*REQUIREMENT*:
Omit every picture and output the rest of the records exactly as they are.

Start of Block

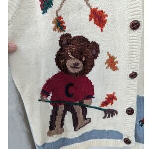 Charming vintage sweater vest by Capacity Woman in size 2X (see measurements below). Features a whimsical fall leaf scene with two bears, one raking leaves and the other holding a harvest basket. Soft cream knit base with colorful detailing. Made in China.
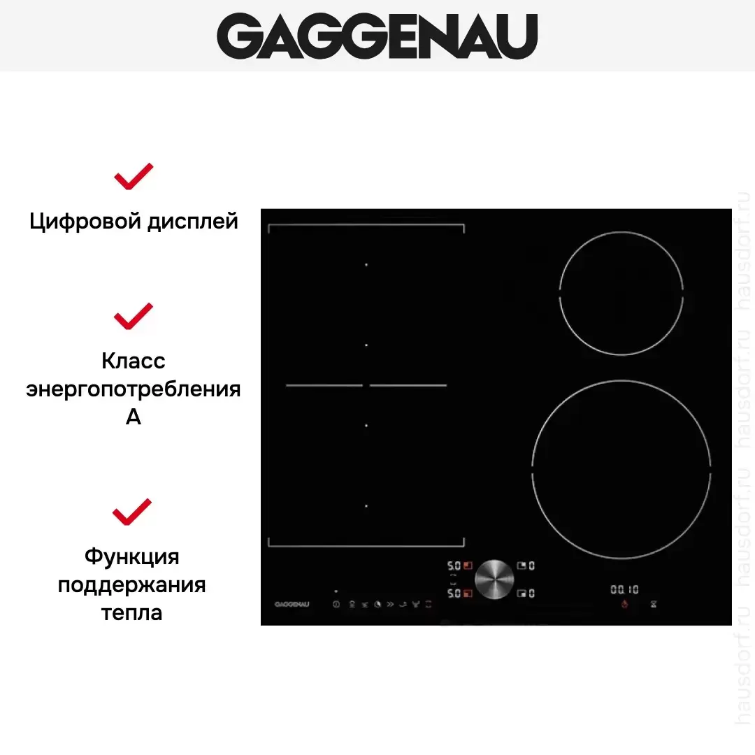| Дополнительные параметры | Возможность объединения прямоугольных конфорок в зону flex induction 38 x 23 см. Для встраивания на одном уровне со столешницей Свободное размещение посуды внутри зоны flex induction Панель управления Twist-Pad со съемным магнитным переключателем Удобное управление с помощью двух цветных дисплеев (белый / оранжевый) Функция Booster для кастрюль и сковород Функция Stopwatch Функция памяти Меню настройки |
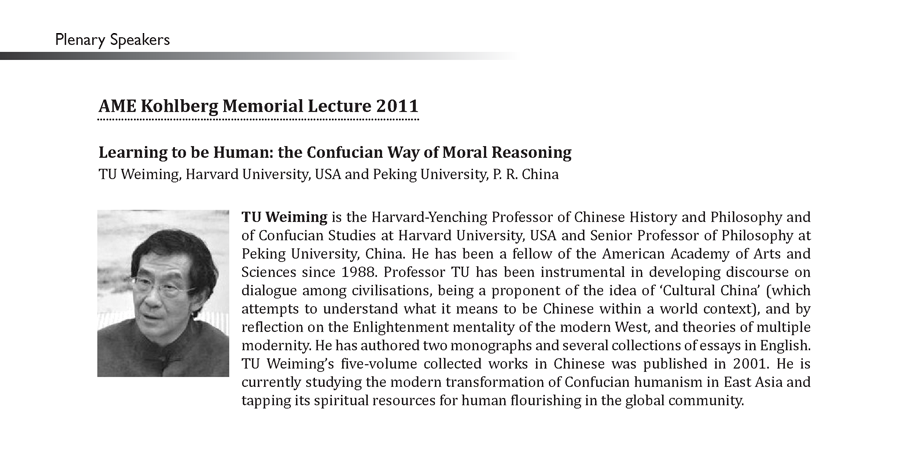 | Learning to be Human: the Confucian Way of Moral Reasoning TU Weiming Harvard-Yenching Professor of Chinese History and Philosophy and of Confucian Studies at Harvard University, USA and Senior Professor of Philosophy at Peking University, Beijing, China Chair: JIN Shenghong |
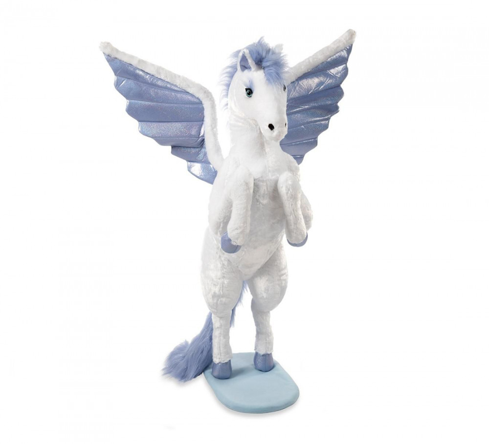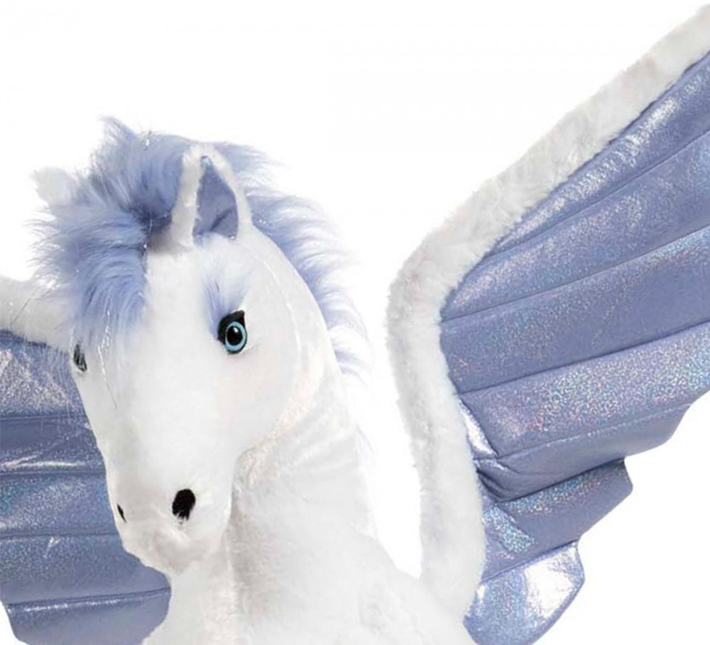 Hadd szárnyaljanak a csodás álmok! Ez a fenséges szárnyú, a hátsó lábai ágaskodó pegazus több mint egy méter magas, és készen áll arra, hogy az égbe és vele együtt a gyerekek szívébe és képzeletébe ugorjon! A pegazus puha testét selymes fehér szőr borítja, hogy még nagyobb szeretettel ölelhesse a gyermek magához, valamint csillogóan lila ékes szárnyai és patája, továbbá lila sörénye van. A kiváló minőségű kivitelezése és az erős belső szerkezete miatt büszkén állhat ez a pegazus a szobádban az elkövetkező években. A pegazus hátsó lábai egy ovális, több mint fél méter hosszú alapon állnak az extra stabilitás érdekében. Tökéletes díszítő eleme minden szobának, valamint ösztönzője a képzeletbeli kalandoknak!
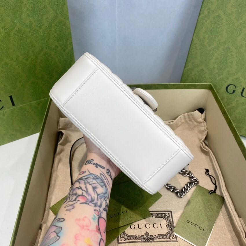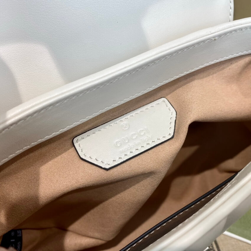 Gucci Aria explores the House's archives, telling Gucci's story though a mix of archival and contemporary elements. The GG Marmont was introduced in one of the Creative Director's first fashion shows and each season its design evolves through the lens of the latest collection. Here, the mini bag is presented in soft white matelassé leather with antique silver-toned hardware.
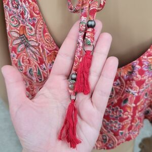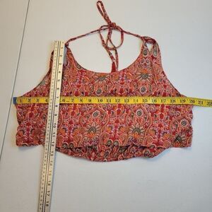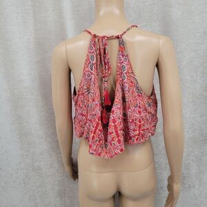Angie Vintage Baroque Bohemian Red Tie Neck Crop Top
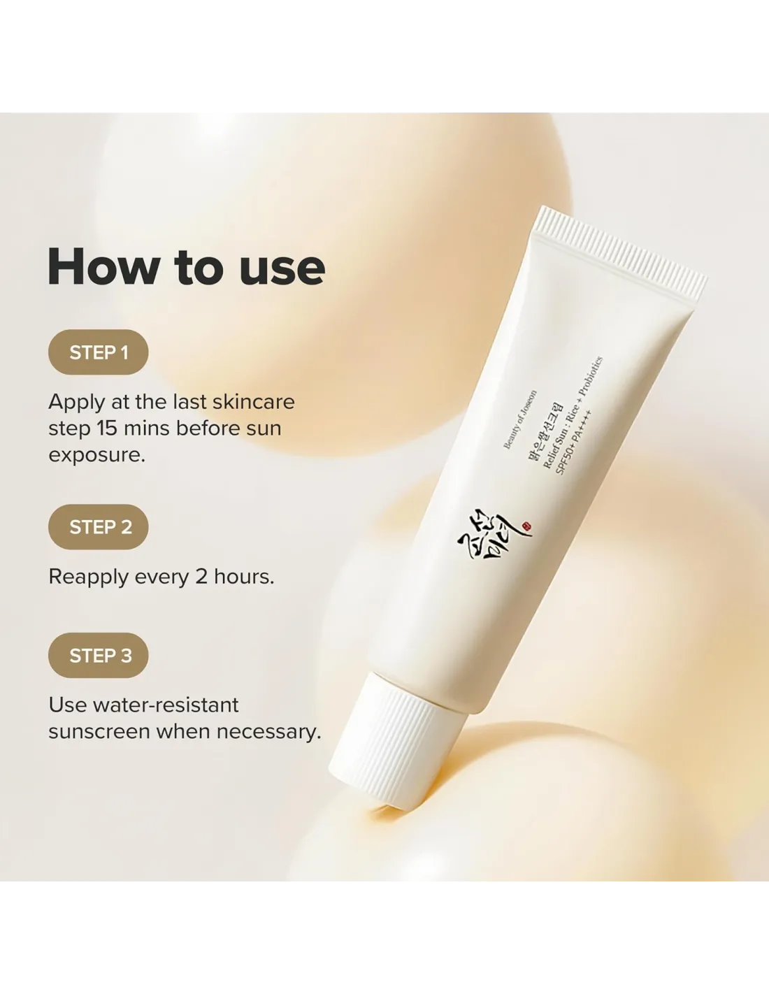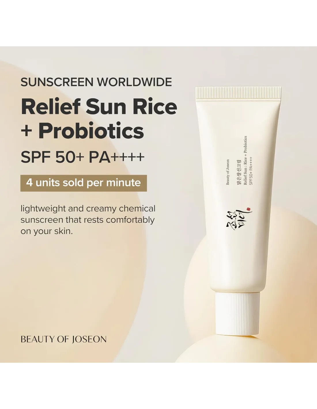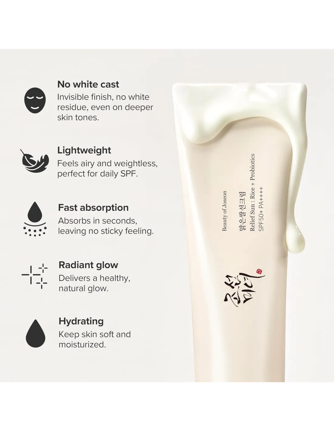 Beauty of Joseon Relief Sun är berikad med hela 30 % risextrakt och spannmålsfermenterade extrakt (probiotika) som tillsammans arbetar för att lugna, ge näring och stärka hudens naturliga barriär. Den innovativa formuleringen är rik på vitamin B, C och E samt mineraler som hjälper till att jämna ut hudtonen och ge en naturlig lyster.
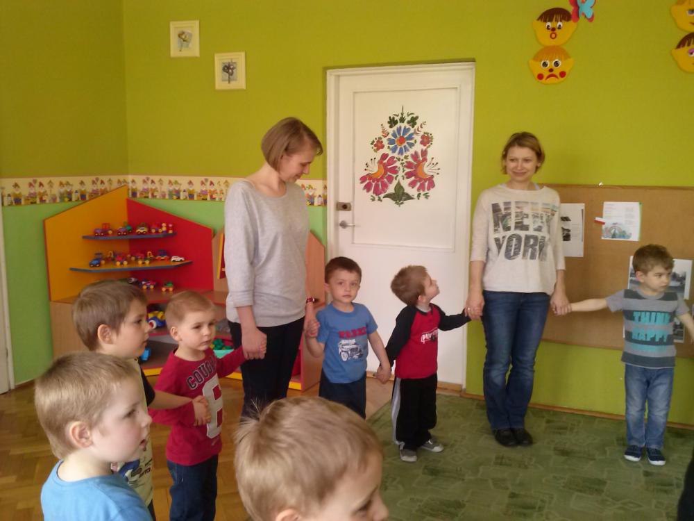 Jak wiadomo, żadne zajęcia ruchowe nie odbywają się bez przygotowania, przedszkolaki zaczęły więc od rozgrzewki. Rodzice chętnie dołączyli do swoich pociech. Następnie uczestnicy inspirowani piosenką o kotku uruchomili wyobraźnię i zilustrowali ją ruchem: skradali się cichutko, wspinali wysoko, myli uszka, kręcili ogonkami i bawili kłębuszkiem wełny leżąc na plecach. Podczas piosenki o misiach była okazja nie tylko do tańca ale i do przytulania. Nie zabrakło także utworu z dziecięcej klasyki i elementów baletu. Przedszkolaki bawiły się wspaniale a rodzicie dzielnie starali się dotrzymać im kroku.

End of Block

*ANSWER TO THIS TASK*:
 Charming vintage sweater vest by Capacity Woman in size 2X (see measurements below). Features a whimsical fall leaf scene with two bears, one raking leaves and the other holding a harvest basket. Soft cream knit base with colorful detailing. Made in China.
| Дополнительные параметры | Возможность объединения прямоугольных конфорок в зону flex induction 38 x 23 см. Для встраивания на одном уровне со столешницей Свободное размещение посуды внутри зоны flex induction Панель управления Twist-Pad со съемным магнитным переключателем Удобное управление с помощью двух цветных дисплеев (белый / оранжевый) Функция Booster для кастрюль и сковород Функция Stopwatch Функция памяти Меню настройки |
 | Learning to be Human: the Confucian Way of Moral Reasoning TU Weiming Harvard-Yenching Professor of Chinese History and Philosophy and of Confucian Studies at Harvard University, USA and Senior Professor of Philosophy at Peking University, Beijing, China Chair: JIN Shenghong |
 Hadd szárnyaljanak a csodás álmok! Ez a fenséges szárnyú, a hátsó lábai ágaskodó pegazus több mint egy méter magas, és készen áll arra, hogy az égbe és vele együtt a gyerekek szívébe és képzeletébe ugorjon! A pegazus puha testét selymes fehér szőr borítja, hogy még nagyobb szeretettel ölelhesse a gyermek magához, valamint csillogóan lila ékes szárnyai és patája, továbbá lila sörénye van. A kiváló minőségű kivitelezése és az erős belső szerkezete miatt büszkén állhat ez a pegazus a szobádban az elkövetkező években. A pegazus hátsó lábai egy ovális, több mint fél méter hosszú alapon állnak az extra stabilitás érdekében. Tökéletes díszítő eleme minden szobának, valamint ösztönzője a képzeletbeli kalandoknak!
 Gucci Aria explores the House's archives, telling Gucci's story though a mix of archival and contemporary elements. The GG Marmont was introduced in one of the Creative Director's first fashion shows and each season its design evolves through the lens of the latest collection. Here, the mini bag is presented in soft white matelassé leather with antique silver-toned hardware.
Angie Vintage Baroque Bohemian Red Tie Neck Crop Top
 Beauty of Joseon Relief Sun är berikad med hela 30 % risextrakt och spannmålsfermenterade extrakt (probiotika) som tillsammans arbetar för att lugna, ge näring och stärka hudens naturliga barriär. Den innovativa formuleringen är rik på vitamin B, C och E samt mineraler som hjälper till att jämna ut hudtonen och ge en naturlig lyster.
 Jak wiadomo, żadne zajęcia ruchowe nie odbywają się bez przygotowania, przedszkolaki zaczęły więc od rozgrzewki. Rodzice chętnie dołączyli do swoich pociech. Następnie uczestnicy inspirowani piosenką o kotku uruchomili wyobraźnię i zilustrowali ją ruchem: skradali się cichutko, wspinali wysoko, myli uszka, kręcili ogonkami i bawili kłębuszkiem wełny leżąc na plecach. Podczas piosenki o misiach była okazja nie tylko do tańca ale i do przytulania. Nie zabrakło także utworu z dziecięcej klasyki i elementów baletu. Przedszkolaki bawiły się wspaniale a rodzicie dzielnie starali się dotrzymać im kroku.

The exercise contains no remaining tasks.